Многообразные самоуничижительные аффекты буржуазного времени будут, наконец, выпущены на свободу и одновременно радикализованы войной; она вернёт бытию утерянную в безрадостных буднях цивилизации возможность неслыханного самовозвышения, узаконит насилие и уготовит триумфы разрушению, явится, как писал Эрнст Юнгер, с помощью огнемётов «великим очищением через ничто»[239]. Война и была как раз отрицанием либеральной и гуманистической идеи цивилизации. Чуть ли не магическая сила военных впечатлений, тоже освещённых соответствующей литературой европейского покроя и ставших опорными пунктами разнообразнейших концепций обновления, имела своим истоком именно этот опыт. Одновременно война научила тех, кто назовёт потом себя её наследниками, смыслу и преимуществу быстрых и единоличных решений, абсолютного подчинения и одинакового образа мыслей. Компромиссный характер парламентских режимов, их слабость в принятии решений и их частый паралич не обладали притягательной силой для поколения, вынесшего с войны миф об отлично слаженном боевом коллективе.
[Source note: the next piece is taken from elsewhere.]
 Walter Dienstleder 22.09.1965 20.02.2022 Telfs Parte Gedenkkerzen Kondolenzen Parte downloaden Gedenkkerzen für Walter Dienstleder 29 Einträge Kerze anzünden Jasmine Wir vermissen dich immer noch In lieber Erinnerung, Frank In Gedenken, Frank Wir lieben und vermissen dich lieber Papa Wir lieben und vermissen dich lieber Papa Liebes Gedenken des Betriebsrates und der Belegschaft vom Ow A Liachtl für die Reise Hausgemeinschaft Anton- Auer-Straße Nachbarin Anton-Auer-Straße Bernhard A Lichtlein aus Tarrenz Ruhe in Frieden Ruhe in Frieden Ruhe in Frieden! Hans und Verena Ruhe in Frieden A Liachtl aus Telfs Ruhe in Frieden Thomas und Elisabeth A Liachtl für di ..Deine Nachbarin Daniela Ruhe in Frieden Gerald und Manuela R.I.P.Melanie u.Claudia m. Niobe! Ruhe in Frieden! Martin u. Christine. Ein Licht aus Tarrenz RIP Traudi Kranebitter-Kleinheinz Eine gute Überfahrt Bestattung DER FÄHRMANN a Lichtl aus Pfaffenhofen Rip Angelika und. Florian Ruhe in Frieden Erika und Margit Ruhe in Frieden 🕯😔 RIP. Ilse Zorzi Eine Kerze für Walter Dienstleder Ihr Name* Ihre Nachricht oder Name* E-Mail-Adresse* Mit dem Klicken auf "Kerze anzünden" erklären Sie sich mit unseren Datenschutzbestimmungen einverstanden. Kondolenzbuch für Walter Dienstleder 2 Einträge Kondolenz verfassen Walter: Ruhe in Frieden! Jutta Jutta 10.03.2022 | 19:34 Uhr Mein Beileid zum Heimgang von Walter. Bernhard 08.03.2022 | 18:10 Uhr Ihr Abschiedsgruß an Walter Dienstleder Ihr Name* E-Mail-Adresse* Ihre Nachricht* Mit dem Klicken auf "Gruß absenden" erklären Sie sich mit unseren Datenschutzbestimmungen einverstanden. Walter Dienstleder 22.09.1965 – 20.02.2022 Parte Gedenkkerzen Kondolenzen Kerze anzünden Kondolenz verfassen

Только с учётом всех этих взаимосвязей можно понять, почему провозглашение демократической республики и включение Германии в систему послеверсальского мира было воспринято отнюдь не просто и не только как результат поражения. Для сохранивших свою силу настроений неприятия цивилизации и то, и другое означало не просто изменение политического положения, а грехопадение, некий акт метафизического предательства и глубокой измены самому себе, ибо в жертву сложившимся в данный момент обстоятельствам приносилась Германия, романтичная, погруженная в раздумья и чуждая политике Германия, которую теперь отдавали на заклание той самой идее западной цивилизации, что несла угрозу уже самой её сути. Примечательно, что «Фелькишер беобахтер» назвала Версальский договор «сифилитическим миром», который, как и эта болезнь, «рождается от короткого запретного удовольствия, начавшись с маленькой твёрдой опухоли, поражает постепенно все члены и суставы, да и всю плоть, включая сердце и мозг согрешившего»[240]. Страстное, принципиальное неприятие «этой системы» вытекало именно из нежелания оказаться в составе ненавистной «империи цивилизации» со всеми её правами человека, демагогией насчёт прогресса и страстью просвещать, с её тривиальностью, испорченностью и тупыми апофеозами благосостояния. Немецкие же идеалы верности, божьего милосердия, любви к отечеству оказались, как это сказано в одном из многочисленных жалобных писаний того времени, «безжалостно выкорчеванными в бурях революционных и послереволюционных времён», а на их место пришли «демократия, движение нудистов, безудержный натурализм, товарищеский брак».[241]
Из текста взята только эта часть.